RERA at 10 Years: What It Changed for Homebuyers
The law that changed how Indians buy homes has turned ten. RERA, the Real Estate Regulation and Development Act, was passed on 1 May 2016 to protect buyers and clean up a sector that ran on delays and broken promises. A decade later, the report card is real but mixed. Some states have delivered for buyers. Others are still catching up. Here is an honest look at what ten years of RERA has actually done for you.
The short version
- RERA completed ten years in 2026, having reshaped how projects are registered and sold.
- Authorities have disposed of over 1.47 lakh complaints nationally, per Central Advisory Council figures.

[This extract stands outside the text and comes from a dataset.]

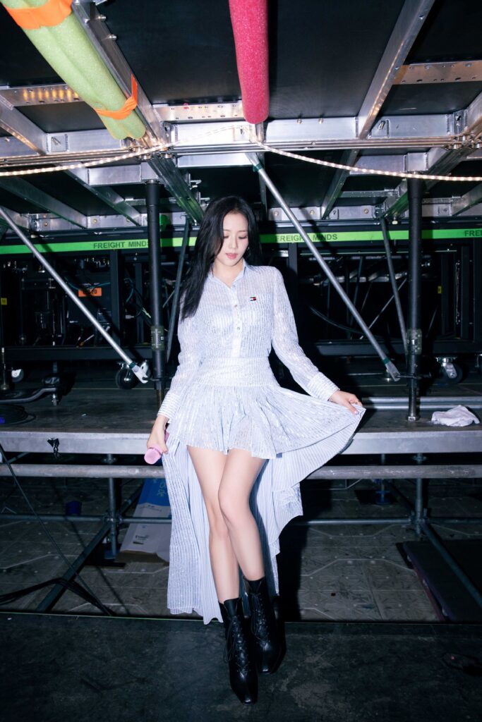Pe 27 Iulie, JISOO a revenit pe scena intr-o alta tinuta personalizata TOMMY HILFIGER constand intr-o rochie-camasa albastra cu alb Ithaca din sifon de matase opac, impodobita cu paiete si cristale aplicate manual — o interpretare rafinata a camasii clasice preppy TOMMY HILFIGER. Confectionata cu talie stransa si fusta maxi asimetrica infasurata, care se prelungeste intr-o coada spectaculoasa, tinuta creeaza o silueta moderna si impresionanta.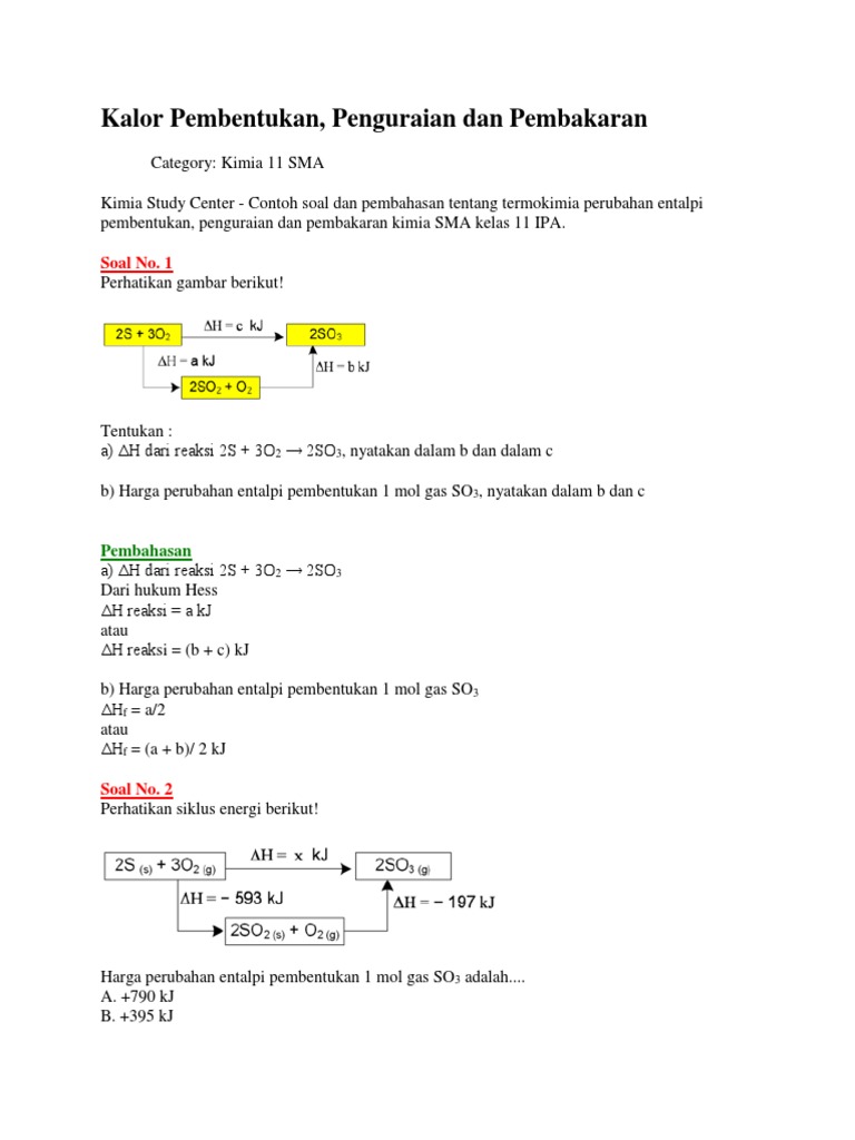 Soal Kalor Pembentukan Dan Penguraian

- Haryana's RERA Gurugram has cleared about 93.62 percent of its cases, the highest disposal rate in the country.
- Weak enforcement of orders and missing authorities in a few states remain the biggest gaps.
What RERA got right
Before RERA, a builder could sell a project on a glossy brochure, take your money, and quietly change the plan or the delivery date. RERA made three things standard. Every project above a certain size must be registered before it is advertised or sold. Seventy percent of buyer money must sit in a separate escrow account and be used only for that project's construction. And builders must post quarterly updates on construction progress on the RERA portal.
Those three rules alone shifted power toward buyers. You can now check a project's registration, approved plans, and carpet area before you pay a rupee. Diverting funds from one project to another, once routine, became far harder.
The numbers behind the decade
| Authority | Complaints and disposal (mid-2026) |
|---|---|
| UP RERA | About 60,021 registered, roughly 86.71% disposed |
| Maharashtra RERA | About 34,485 registered, roughly 82.03% cleared |
| RERA Gurugram (Haryana) | About 17,893 registered, roughly 93.62% disposed, highest nationally |
| National total | Over 1.47 lakh complaints disposed by the 2025 advisory council meeting |
RERA Gurugram has reportedly cleared its entire backlog of cases filed through 2024 as of April 2026, which is a strong signal for NCR buyers dealing with Gurugram projects. UP RERA, handling the heavy Noida and Greater Noida load, has also disposed of the large majority of its complaints.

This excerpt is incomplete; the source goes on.